Sur les frais liés au litige :
Dans les circonstances de l’espèce, il n’y a pas lieu de faire droit aux conclusions de M. A… C… présentées sur le fondement de l’article L. 761-1 du code de justice administrative au titre des frais exposés et non compris dans les dépens.
DECIDE :
Article 1er : Il est donné acte du désistement des conclusions de M. A… C… portant sur les infractions constatées les 1er février 2019, 5 janvier 2020, 5 juin 2020, 18 avril 2021, 4 septembre 2021, 9 mai 2023 et 3 août 2023.
Les décisions portant retrait de point affectés au permis de conduire de
M. A… C… à la suite des infractions des 19 mai 2022, 30 octobre 2023, 31 octobre 2023, 5 novembre 2023 et 19 novembre 2023 sont annulées.
Il est enjoint au ministre de l’intérieur de restituer à M. A… C…, dans le traitement automatisé mentionné à l’article L. 225-1 du code de la route, dans un délai de deux mois à compter de la notification du présent jugement, le bénéfice des points visés à l’article 2, en en tirant lui-même toutes les conséquences à la date de sa nouvelle décision sur le capital de points et son droit de conduire.

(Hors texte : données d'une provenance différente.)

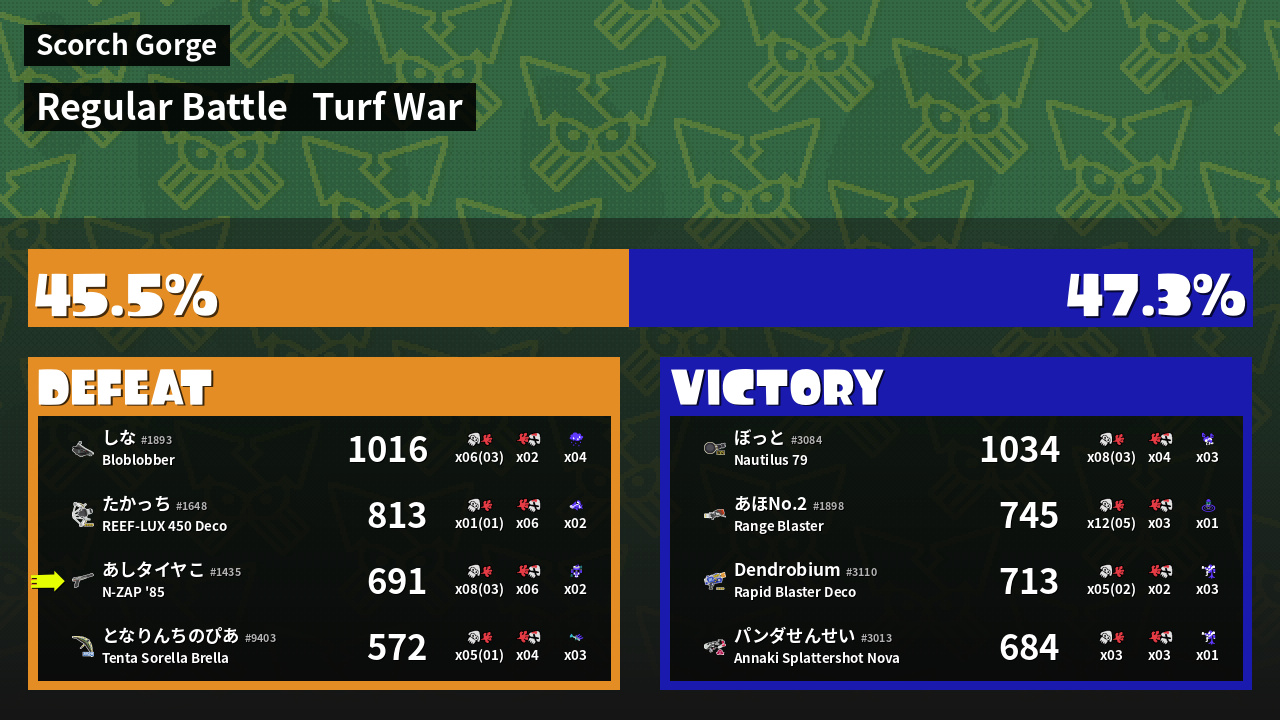 | Mode | Turf War - Regular Battle | ||

Le présent jugement sera notifié à M. B… A… C… et au ministre de l’intérieur.
Rendu public par mise à disposition au greffe le 29 avril 2026.
La magistrate désignée,
signé
E. Rolin
La greffière,
signé
M-J. Ambroise
La République mande et ordonne au ministre de l’intérieur en ce qui le concerne et à tous commissaires de justice à ce requis en ce qui concerne les voies de droit commun contre les parties privées de pourvoir à l’exécution de la présente décision.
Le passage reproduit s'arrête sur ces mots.